Почему-то с самого моего детства у нас дома считали, что я буду литератором. Особенно мечтал об этом отец, сам питавший пристрастие к литературе; осуществить свое стремление он не мог, так как ему приходилось заниматься публицистикой и научной работой.

Все были уверены, что по окончании гимназии я поступлю в университет, на литературное отделение. Но сама я с шестого класса гимназии стала мечтать о другом — о медицине. Я решила — и считаю до сих пор, — что это самая лучшая профессия.

Была у меня в ту пору еще одна заветная мечта: как можно скорее начать работать, как можно скорее сделаться самостоятельным человеком. Я завидовала всякому, кто был хоть не намного старше меня: он начнет зарабатывать раньше, чем я.

После окончания гимназии мне так захотелось самостоятельности, что я решила вообще отказаться от продолжения образования и искать работы. В Силезии можно было в то время получить место учительницы народной школы.

В величайшей тайне от всех я поехала поездом в Катовицы (ныне Сталиноград) и отправилась к тамошнему школьному начальству. Мне сказали, что пока все вакансии заняты, и посоветовали наведаться осенью: может быть, что-нибудь и найдется.

Летом я сделала открытие, что можно зарабатывать и посещая университет, и решила получить высшее образование.
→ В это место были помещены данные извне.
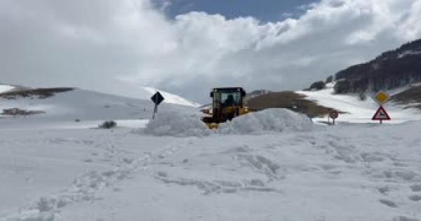 L'intervento dei mezzi sulla provinciale tra Castelsantangelo sul Nera e Castelluccio di Norcia

На медицинский факультет я не попала — туда принимали ограниченное число женщин — и, к великой радости моего отца, пошла на отделение литературы и польского языка.
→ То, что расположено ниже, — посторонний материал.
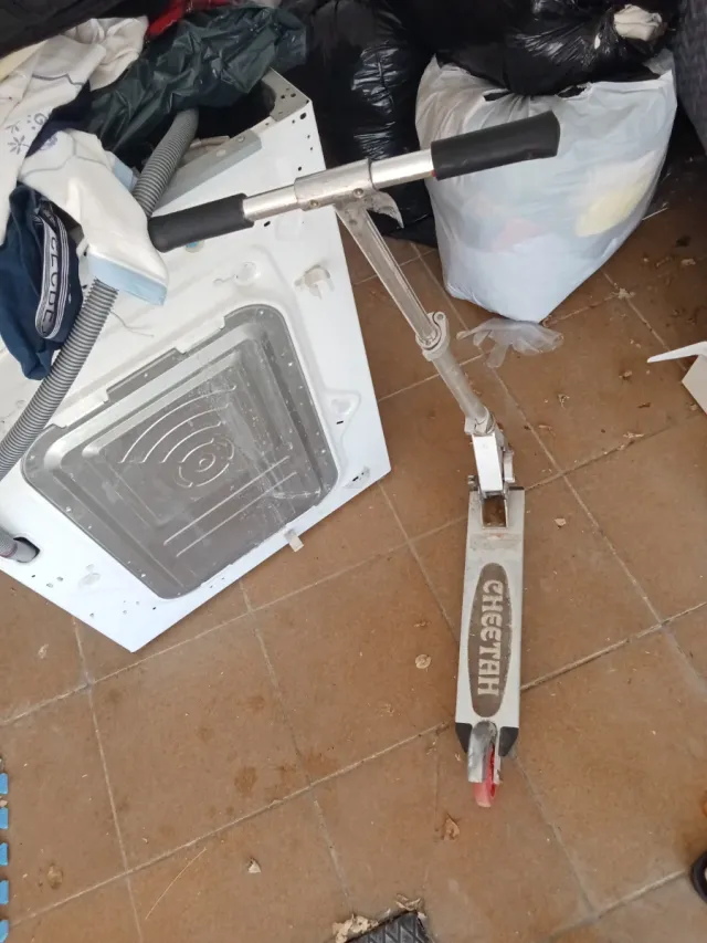 Patinete plegable de la marca CHEETAH. - Diseño plateado y negro. - Ruedas rojas.

В университете большинство студентов были ярые реакционеры. Левая молодежь составляла маленькую группку. Я тотчас вступила в союз социалистической молодежи. Мы вели упорную борьбу с реакционерами. Обычно начиналось с диспутов, а кончалось дракой. Тогда же я начала работать в просветительной рабочей организации, которая устраивала доклады, лекции и располагала большой библиотекой.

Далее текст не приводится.